From the memoirs of Sierra Sam Malone:
I never thought I would live so long. For the fact that I have done so I must give credit to the Man Upstairs, I suppose, but also to three beautiful women, all of whom loved me a sight more than I deserved. Lord knows I never did right by any of them, but maybe there is still time before I die to make up for some of the wrong I did. I sure do mean to try.
Telling the story-the whole truth…well, I reckon that’s as good a place to start as any.
Part One-Elizabeth
That day outside of Barstow when the railroad bulls beat me senseless and threw me off the train and left me to die in the desert wasn’t the first time Death came for me and went away empty-handed. Not the first time, but I thought for sure it was the last, and my last day on earth before I’d even reached the ripe age of eighteen. It would have been, too, if not for a bit of crazy dumb luck…and a sweet bit of a girl named Elizabeth.
I don’t recall much of that day, and even if I did I wouldn’t bore anybody to death telling about it. I do recollect that it was April, and the desert was blazing hot in the daytime and freezing cold when the sun went down. I know I walked when I could and crawled when I couldn’t walk anymore, and tried to take shelter in the heat of the day underneath any kind of bush big enough to offer a morsel of shade. I know I got more prickles than comfort from that effort, and that I was plain fool lucky I didn’t try to share some rattlesnake’s midday napping place.
For some reason-instinct, I reckon, or Divine Guidance, or maybe it was just because, being a mountain boy born and bred from the green hills of West Virginia, and I had no wish to die in the desert-I didn’t try to follow the tracks back to Barstow but instead kept stumbling my dogged way toward the mountains I could see off in the distance. Could just as well have been a mirage, but it wasn’t. It was mountains, real ones, and something in me told me there might be water there, somewhere.

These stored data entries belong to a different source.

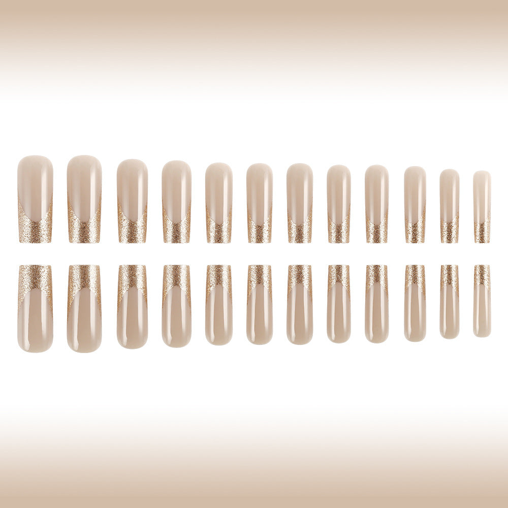 Glamorous Elegance Long Square Beige Press On Nail Set with Sparkling Gold Accent
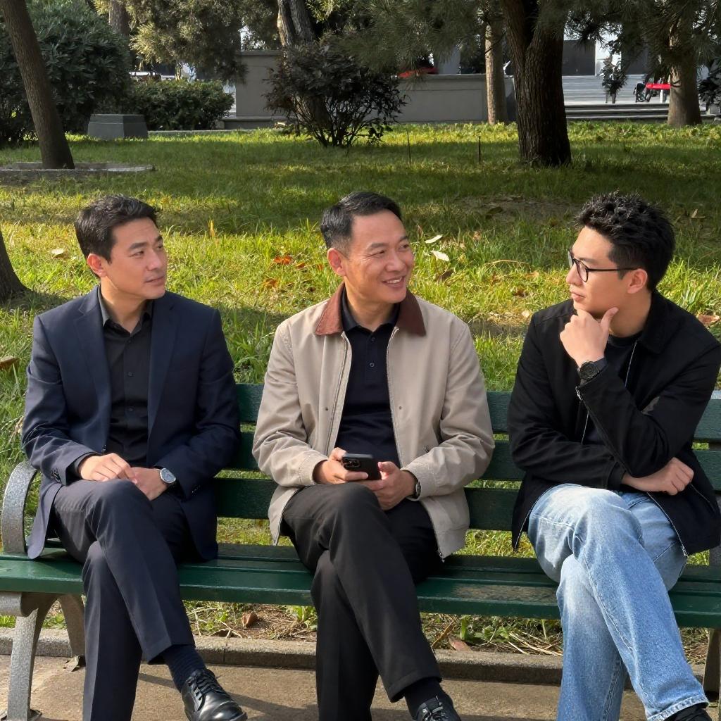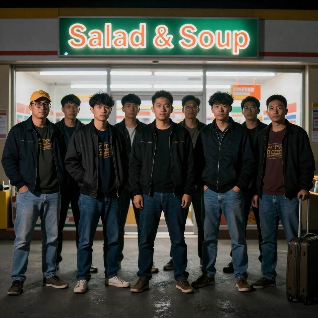 Four men walking on a suburban street. Wearing blue jackets, jeans, and casual shoes. Tall man in center, others shorter. Autumn trees in background, stop sign on right. Curved road, streetlights. Men with neutral expressions. Sunlight filtering through trees.
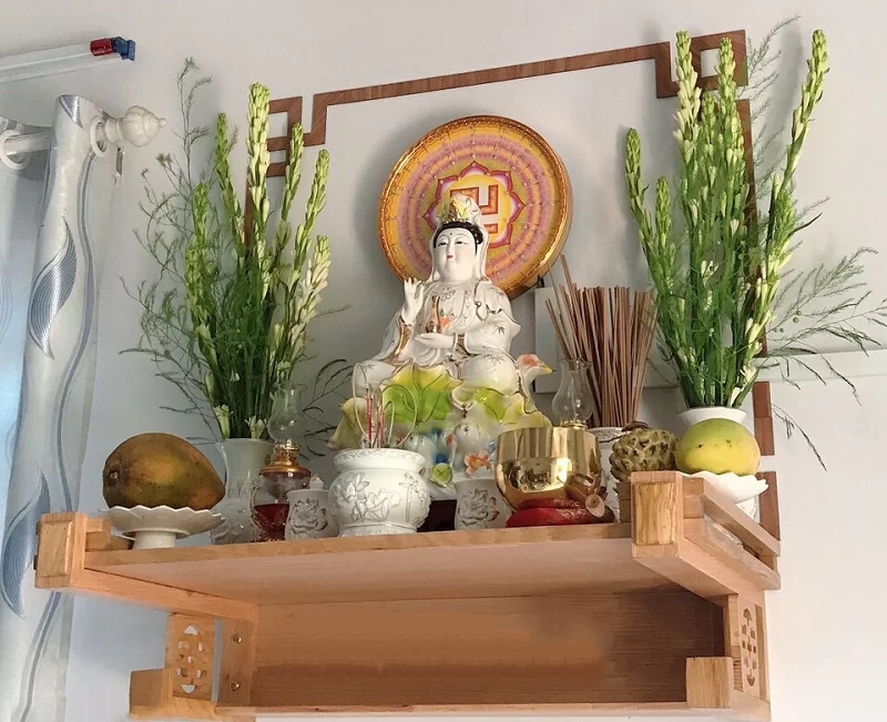 Bàn thờ Quan Âm nên đặt ở vị trí cao, thoáng và thanh tịnh, tránh gần bếp, nhà vệ sinh hay nơi ồn ào.
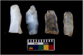 | Description / विवरण | There are n 4 flakes tool; there are large flakes with sides trimmed, Marks of secondary flaking are present on the both the faces. |
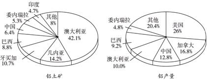 4、单选题 下图是“某年部分国家占世界铝土矿及铝产量的比重图”,完成问题。
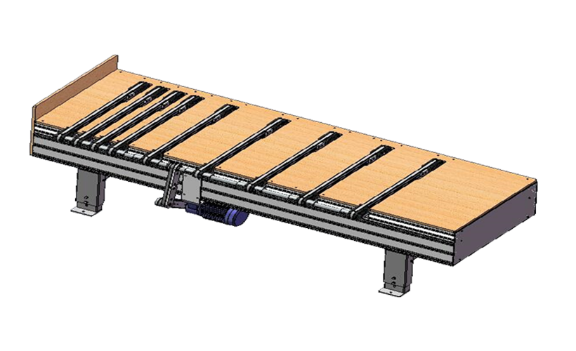 適用于家具廠自動化打包使用,人工將需要打包的板件堆疊靠到位進行輸送,帶傳動在傳動速度較快的時候噪音小,與鏈傳動相比更具有替代性。需要與縱橫平移機配套使用。
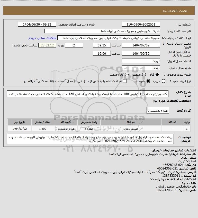 شرح کلی نیاز: کنسرو زیتون حلب 10 کیلویی-150 حلب-لطفا قیمت پیشنهادی بر اساس 150 حلب باشد-کالای انتخابی جهت تشابه میباشد
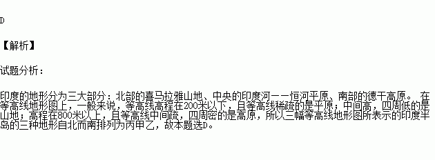 下列三幅等高线地形图所表示的三种地形,在印度半岛自北而南排列为( )

Well…if there was water in those barren hills it eluded me, and I knew the sands in my hourglass were fast running out. I won’t die like a dog on my belly in the dirt, I told myself, and with my last ounce of strength, rose to my feet to shake my fist at the heavens and that terrible killing sun. And as if to punish me for my defiance, at that moment the earth fell out from under my feet, and down, down I fell, rolling and tumbling in a torrent of rock and sand…down, down until I fetched up finally in the bottom of a gully, skinned up and bloodier than the railroad bulls had left me.

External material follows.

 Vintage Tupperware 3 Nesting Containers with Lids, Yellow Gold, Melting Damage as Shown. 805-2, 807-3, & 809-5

Once I’d shaken the cobwebs out of my head and the sand out of my whiskers, I saw something in the side of that gully that nature hadn’t put there: a hole, it was. A hole big as a man is tall. A hole dug by men. And in that part of the country, there was only one thing it could be, and that was a mine.
Now, as I said, I’m from the hills of West Virginia, and I know a thing or two about mines. One thing I knew was that a lot of the time there’s water to be found in those mines, water that can take life as well as give it.
Well, I didn’t hesitate. I scrambled up the side of that gully like a madman, clawing my way with bleeding hands. When I got inside the cave and the blessed shade enveloped me, I could smell it. I’d heard tell of animals-horses and cattle and such-being able to smell it, though I’d never thought it had much of a smell, myself. But in that moment I knew it did.
Water.
Yes, sir, I could smell water somewhere in that mine tunnel, and I stumbled my way toward it like a crippled moth fluttering its feeble way to the flame. Deeper and deeper into that tunnel I went, until it was too dark to see my hand in front of my face. I felt my way along the walls, and when my feet got wet I fell to my knees, then flat on my face in that blessed pool. An underground spring, it was, and it had flooded that mine, as water has a way of doing, often to the woe of the miners unlucky enough to get trapped by it. But that day it saved one poor soul, and that was yours truly, Sam Malone.
I drank my fill and then must have passed out for a spell, and when I opened my eyes next I thought I’d died after all. There was light where there shouldn’t have been, a soft, golden glow, and I recall thinking, Lord, I don’t know how or why but I made it to Heaven! Because where that light hit the water and the walls of that mine tunnel, it gave back a sparkle, a shine I’d only heard about in the stories men told around the fires in the hobo camps alongside the railroad tracks. I understood, then, the madness that drove men to leave everything they knew and the kinfolk that loved them, throw it all away to follow the lure of the gold.
Could it be? In awe, almost in a trance, I dipped my hand into the pool of water and held it up to my face and stared at the flecks that stuck to my skin. Yep, no doubt about it-it was gold.
Before my brain could get to understanding what had happened to me, before I could think what kind of miracle I’d stumbled across, the light moved and sent my shadow dancing long and crooked across the tunnel wall. And a voice spoke to me from the blackness behind the light.
“You’re trespassing.”
That is how I found my first treasure. Her name was Elizabeth.
She had the face of an angel, but any notions I might have had about being in Heaven went flying straight out of my head when I saw, by the light of the lantern in her hand, the shotgun she carried cradled in one arm and leveled straight and true at my heart.